By Daily Bruin Staff

Nov. 11, 1996 9:00 p.m.

Tuesday, November 12, 1996

The American Cinematheque’s new film series allow ‘Spaghetti
Western’ classics to fend for themselves on the big screenBy
Michael Horowitz

Daily Bruin Staff

Trying to find critical praise for spaghetti westerns subgenre
is next to impossible. You’d have a better chance playing a
character in a film and hoping to survive it.
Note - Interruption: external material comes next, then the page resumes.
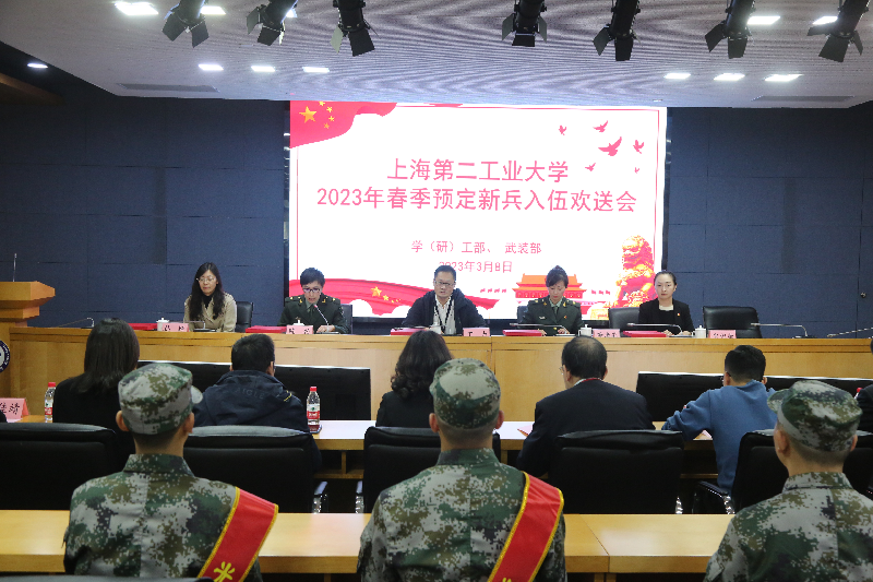 3月8日中午,我校2023年春季预定新兵入伍欢送会在19号楼201会议室举行。副校长丁力、相关职能处室和各学院学生工作负责人、辅导员、预定新兵参加了欢送会,预定新兵家长们通过在线直播的方式共同参与了欢送会。会议由学生处副处长(挂职)陈钦主持。

To begin with, the moniker "Spaghetti western" is a derogatory
term given to the 550-plus films about the North American old west
ironically filmed by Europeans in Europe. Although the subgenre
that brazenly bastardized the traditional western by leaving its
mark with some genuine stars, esteemed classics, and one
world-class director, film criticism has by in large ignored this
group of productions for reasons including cinematic snobbery.

This November, the American Cinematheque is doing their best to
legitimize the style and the films displayed in it. Their series
"The Bloody Trail of Spaghetti Westerns" runs through Nov. 29,
showcasing most of the work of the famous Sergio Leone and his less
famous contemporaries. Those in doubt can view the films on wide
screen where they look their best, and the converted can enjoy the
visceral thrills that the films offer. And perhaps some
rehabilitation of the subgenre’s reputation is in order.

"They’ve never really been taken seriously," says Cinematheque
programmer Dennis Bartok, "although a lot of them shouldn’t be
taken seriously." After the world-wide success of Sergio Leone’s
"Fistful of Dollars" in 1964, the European filmmakers deluged the
world’s theaters with hundreds of faux-Westerns, high on violence
and low on high-minded artistic content. If released in the United
States at all, the films were badly dubbed and critically ignored,
especially by officianados of the "proper" Western.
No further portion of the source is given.